GSK Pays Epizyme $20M Up Front as Part of Histone Methyltransferase Inhibitor Deal

GSK Pays Epizyme $20M Up Front as Part of Histone Methyltransferase Inhibitor Deal

Development of HMT therapeutics against targets for cancer and other diseases is primary objective. [© lily - Fotolia.com]

  • Epizyme will receive $20 million up front from GlaxoSmithKline as part of a worldwide deal focused on the discovery, development, and marketing of small molecule inhibitors of histone methyltransferases (HMTs). The collaboration will exploit Epizyme’s HMT discovery platform and chemical library to identify and develop HMT therapeutics against a set of targets for cancer and other diseases.

    Under terms of the agreement Epizyme will carry out all research activities up to the selection of a development candidate for each target, after which GSK will take over all further development and commercialization activities. Epizyme could receive over $630 million in milestones if products against all targets in the collaboration reach the market, plus double-digit sales royalties.

    The deal comes just a few days after Epizyme announced the award of a $1 million grant from the Multiple Myeloma Research Foundation (MMRF), to help fund the development of personalized therapies for patients with genetically defined cancers, including multiple myeloma.

    Epizyme is exploiting its platform to develop selective small molecule inhibitors of specific enzymes within the 96-member HMT target class The firm claims it has used its HMT-focused RNAi library and proprietary small molecule inhibitors to define the roles of specific HMTs in different cancers, and the effects of inhibiting these enzymes in a disease setting.
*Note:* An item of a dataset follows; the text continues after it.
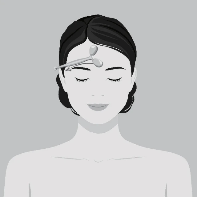 將滾輪放置在額頭中間的位置,滑向太陽穴,並重複5次。

Having subsequently ranked the 96 human HMTs in terms of disease relevance and commercial opportunity, Epizyme has also identified a top-tier set of HMTs for drug discovery and development.

    Its resulting preclinical pipeline of HMT inhibitor is headed by DOT1L, for the treatment of MLL-rearranged leukemia, and EZH2, for the potential treatment of non-Hodgkin lymphoma and certain breast cancer subtypes. A third candidate, HMT3, is also in preclinical development against a hematological malignancy.